The World of Reinsurance
The reinsurance business itself also helped. Berkshire Hathaway Reinsurance Group recorded - also in 2024 - 2.73 billion in underwriting profits (it had been 1.9 billion two years ago). Here - among other things - the division was buoyed by a decline in liabilities on past claims and an improvement - in non-life business - in the loss ratio. By contrast, the performance of Berkshire Hathaway Primary Group was not positive. The latter - to which a number of independently managed insurance companies active mainly in the US are attributed - posted underwriting profits of € 855m. The figure, which represents a 35.4% drop from the $1.37bn realised in 2023, is the result of a mix of factors. Among others: the rise (+12.8%) in loss and loss adjustment expenses and the impact of catastrophe claims.
Tornadoes
Yes, catastrophic events. The latter, across the holding company's insurance sector, affected the accounts. The total losses, in 2024, were around more than 1 billion. These were losses (not in the technical sense) due - above all - to extreme events such as hurricanes Milton and Helene. Nevertheless, such facts - together with the increase in the average severity of claims in 2024 compared to 2023 - were more than counterbalanced by the overall strength of the business. Above all, at Geico. Hence the expansion of the profitability of the insurance sector in general, which also helped to support the share price on the stock exchange.
Rail transport
But it is not just a matter of policies. Another important part of Berkshire Hathaway's business is rail transport. The holding company owns Bnfs Railway. On this front the trend in profitability has not been positive: operating earnings have fallen by 1.1%. Why? The answer is articulated.
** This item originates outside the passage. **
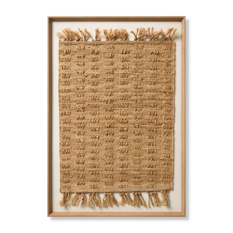 Churni large wall art by Loloi features a fringed jute textile with a raised gridded design, a strikingly textural piece for many home decor styles, from organic to farmhouse. The artwork is made in India and custom framed by Loloi in the USA, measuring 48 x 34.

The experts point out that - despite the increase in volumes handled - there has been a drop in tariff revenue (price paid for the transport of products) in the wake of a twofold factor. The first is the lower fuel surcharges applied to customers/users. The second is the change in the mix of goods transported: the demand for coal, which - in the rail business - guarantees higher margins, has plummeted in the face of the increased use of gas. Not only that. Profitability was also squeezed by the renewal of the collective labour agreement, which resulted in higher operating costs. In such a scenario Bnfs' profitability slowed down.